Warning Signs of Inadequate Programs
Research from internationalteflacademy.com identifies clear red flags:
- Weekend completion claims: Courses advertising “120-hour certification in 2-3 days” are physically impossible. Legitimate 120 hours require minimum 4 weeks with proper pacing, or longer for part-time study.
- Instant certificates: Programs issuing certificates immediately upon enrollment or within days of starting indicate absence of genuine coursework, assessment, and practicum components.
- Suspiciously low pricing: Courses under $200 (particularly those under $100) typically lack proper tutor support, legitimate accreditation, or required practicum components. Quality instruction, accreditation maintenance, and practicum coordination require significant operational investment reflected in appropriate pricing.
- No practicum requirement: Courses omitting observed teaching practice entirely fail Vietnam’s work permit requirements regardless of other content quality.
What Topics Are Covered in 120 Hours of TEFL Training?
Standard 120-hour TEFL courses divide content into 5-6 core modules: (1) Teaching Methodology covering communicative approaches, task-based learning, and presentation frameworks, (2) Grammar and Language Analysis explaining English structure from teacher perspective, (3) Lesson Planning developing effective class architecture and timing, (4) Classroom Management addressing student engagement and behavior strategies, (5) Teaching Skills for reading, writing, listening, and speaking instruction, (6) Assessment and Testing including error correction and progress tracking—with 6-10 hours additional practicum applying these concepts in real teaching scenarios with qualified observer feedback.
Module 1: Teaching Methodology (20-25 Hours)
Teaching methodology modules introduce evidence-based approaches to ESL instruction:
- Communicative Language Teaching (CLT): Student-centered methodology prioritizing meaningful communication over grammatical accuracy. Activities include information gap tasks requiring genuine communication, role-play scenarios simulating practical situations, and pair/group work activities where students use English as tool for accomplishing tasks.
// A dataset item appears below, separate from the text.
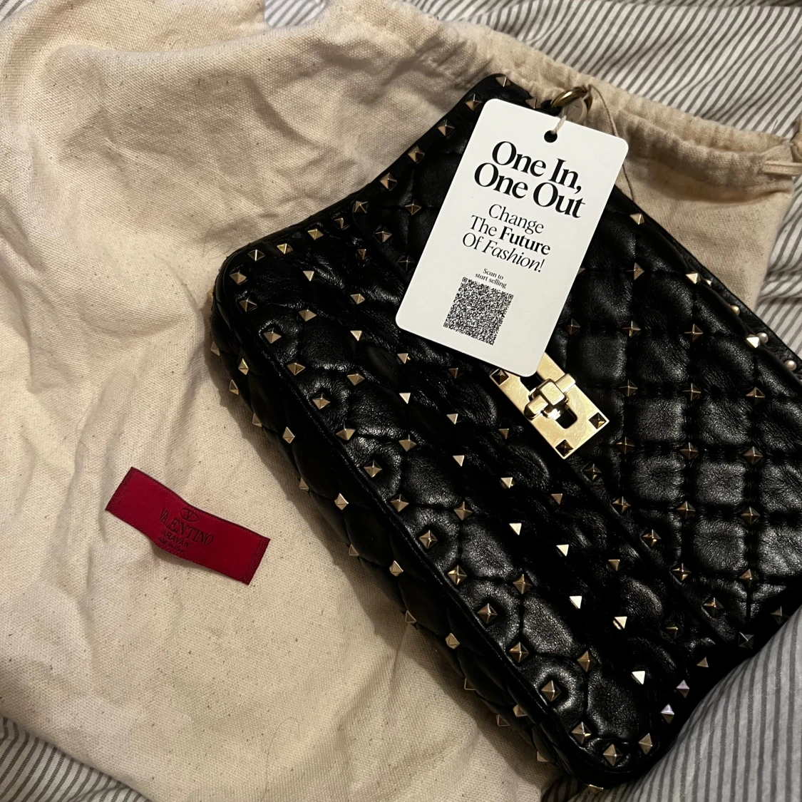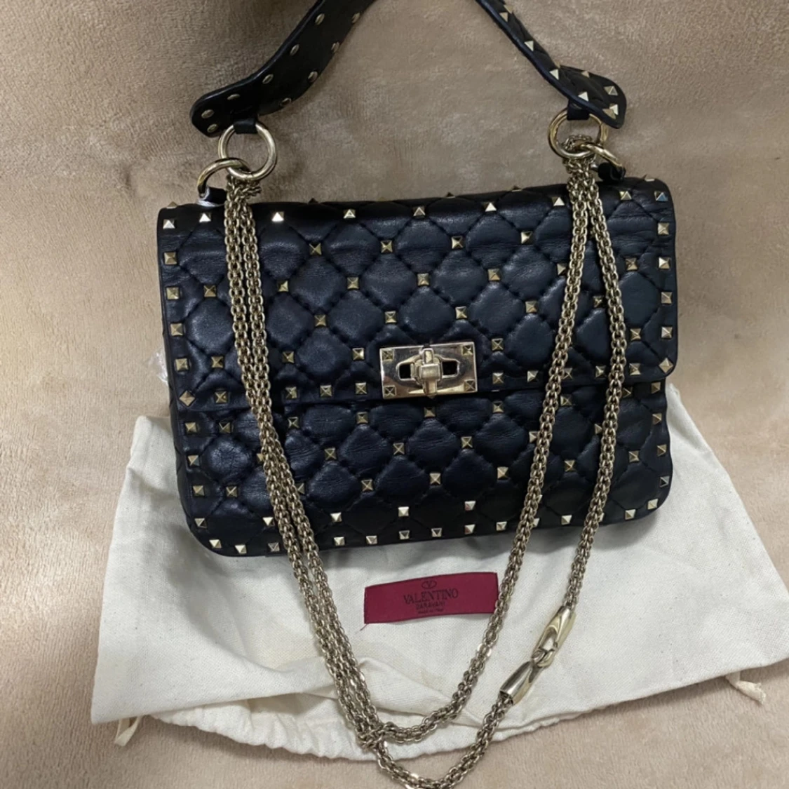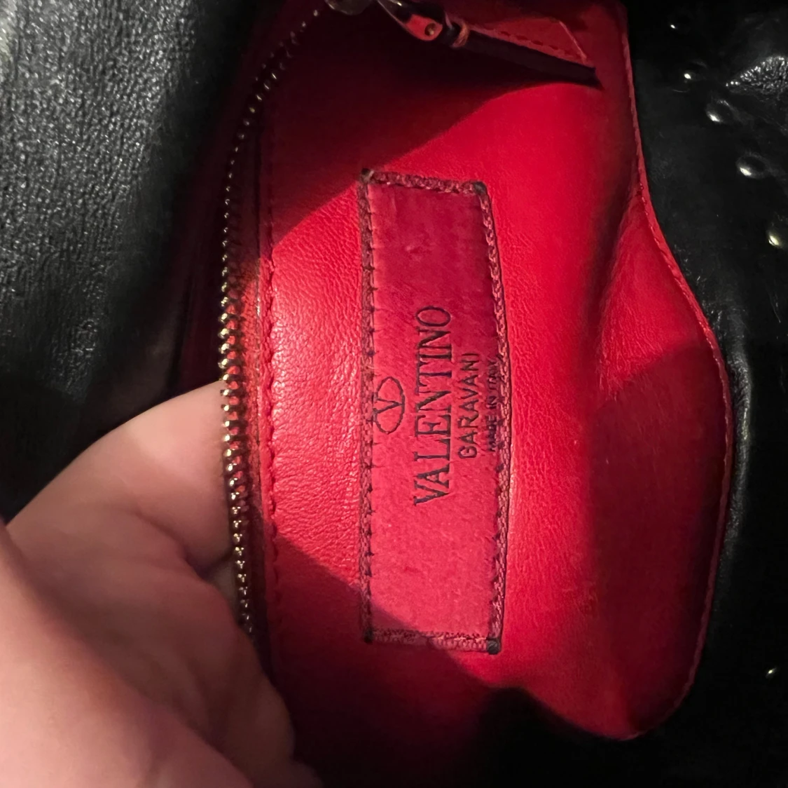 Skit snygg valentino garavani väska med svart läder och sen guldiga nitar. Köpt på Vestiaire collective så har deras äkthesgaranti men inget fysiskt kvitto. I mellan storleken. Använd men i otroligt fint skick. Det är mest metall delarna som kan ha små slitningar!😊❤️har fler bilder på serienummer inuti om man vill ha! Annars är det bara att fråga så kan jag skicka fler bilder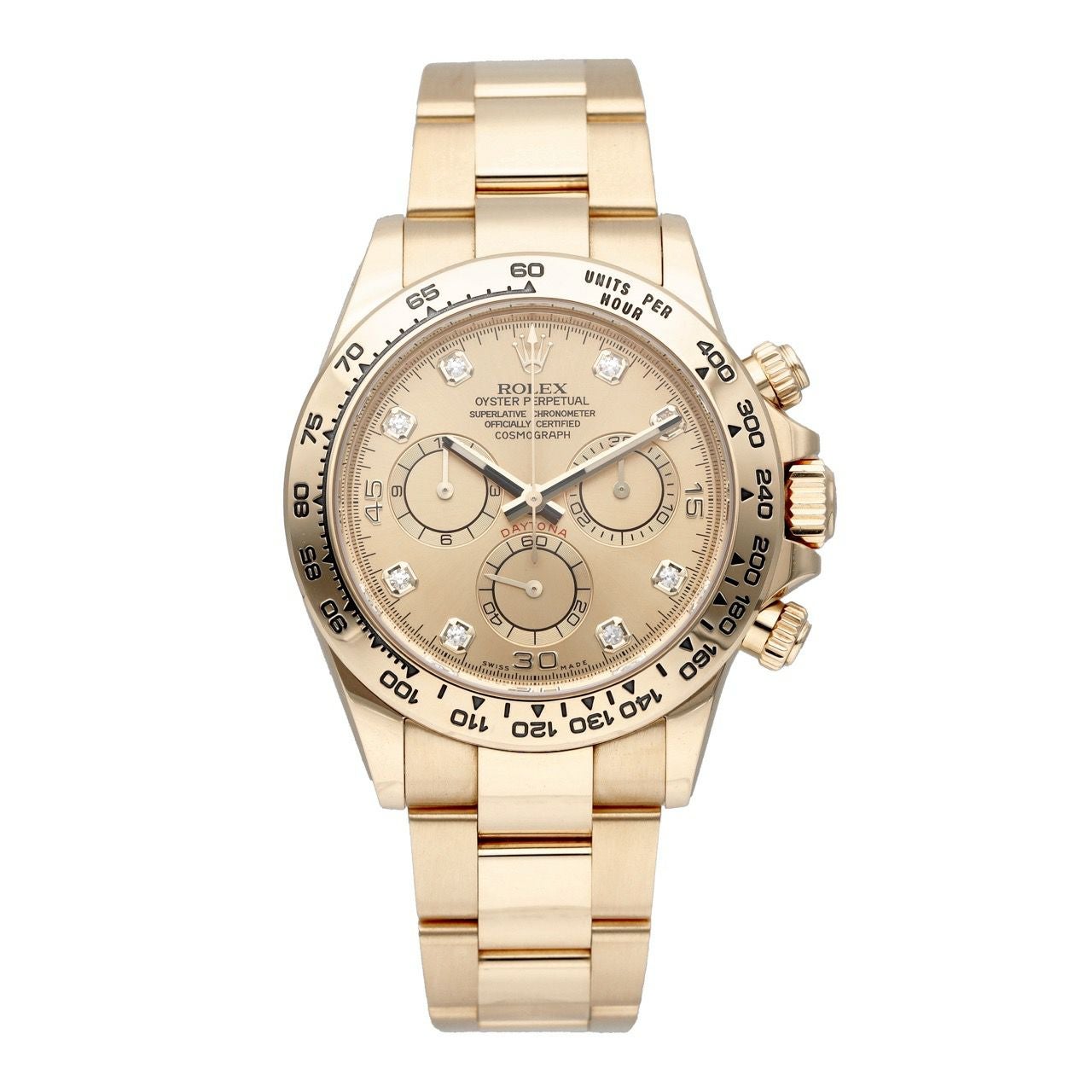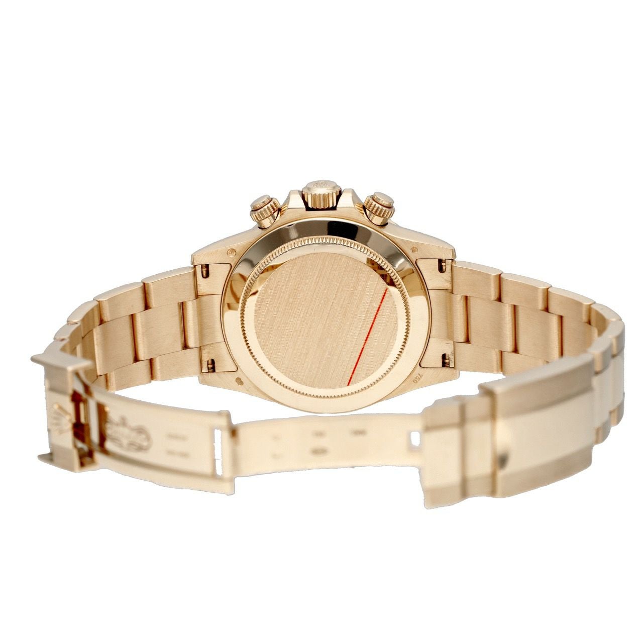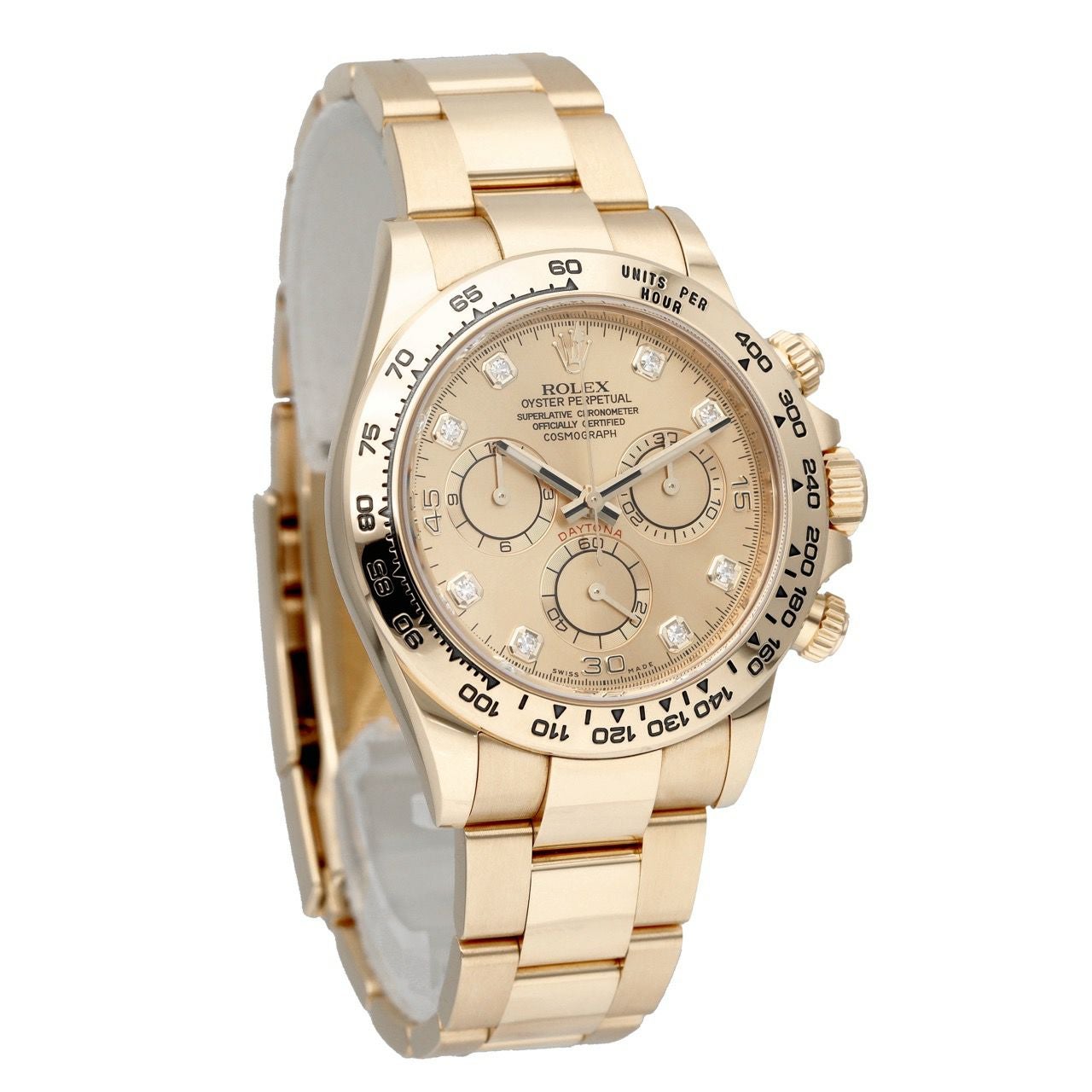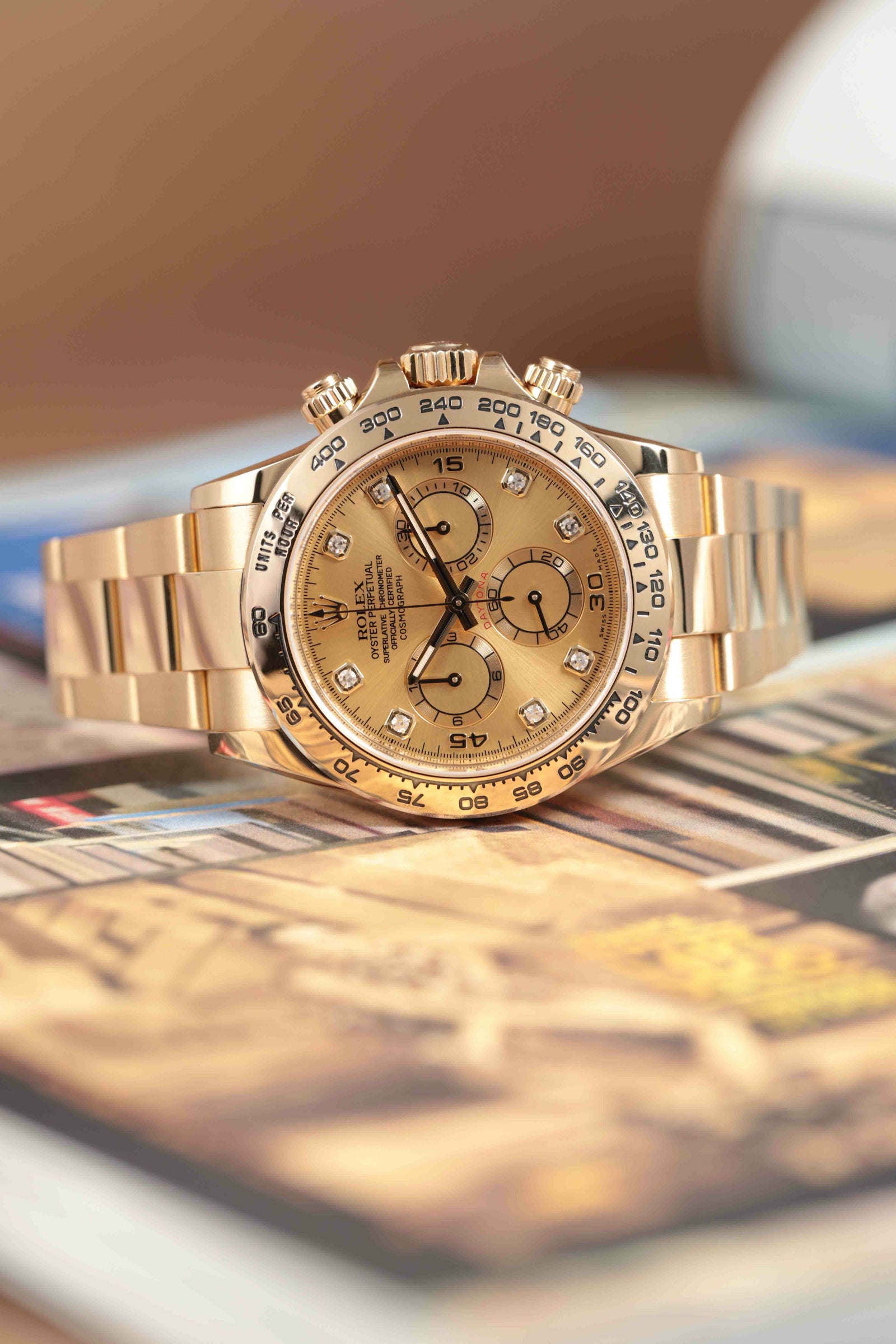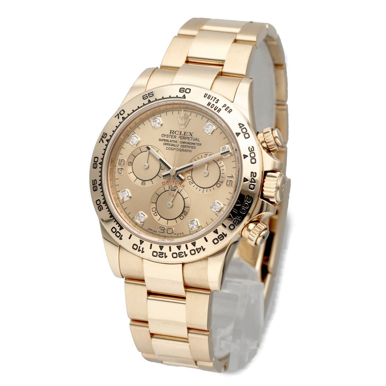 デイトナの王道クロノグラフに18Kイエローゴールドの圧倒的な存在感を乗せた、“一発で格が伝わる”モデルです。ケースとブレスのゴールドは派手に見えがちですが、デイトナはデザインが端正なので、実物は意外と品よくまとまります。さらに「G」は8Pダイヤインデックス仕様のことが多く、近くで見ると輝きが上品で、さりげなく特別感が出るのも魅力。写真以上にケースの質感や面の出方がきれいで、腕に乗せた瞬間に満足感が出やすい一本です。オンでもオフでも“主役”になってくれて、デイトナらしい人気・資産性も含めて間違いないモデルです。

- Task-Based Learning (TBL): Students complete authentic tasks using English as the vehicle for achievement. The TBL cycle includes pre-task planning, task completion (such as planning group projects, solving problems, or conducting research), and post-task analysis focusing on language used during the activity.
- Presentation-Practice-Production (PPP): Structured approach for introducing new language. Teachers present target structures with clear examples, guide controlled practice activities (drills, substitution exercises), then facilitate free production where students use the language communicatively in less controlled contexts.
This module teaches when to apply different methodologies—CLT for conversation classes emphasizing fluency, PPP for systematic grammar introduction, TBL for project-based learning common in modern curricula.
Module 2: Grammar and Language Analysis (25-30 Hours)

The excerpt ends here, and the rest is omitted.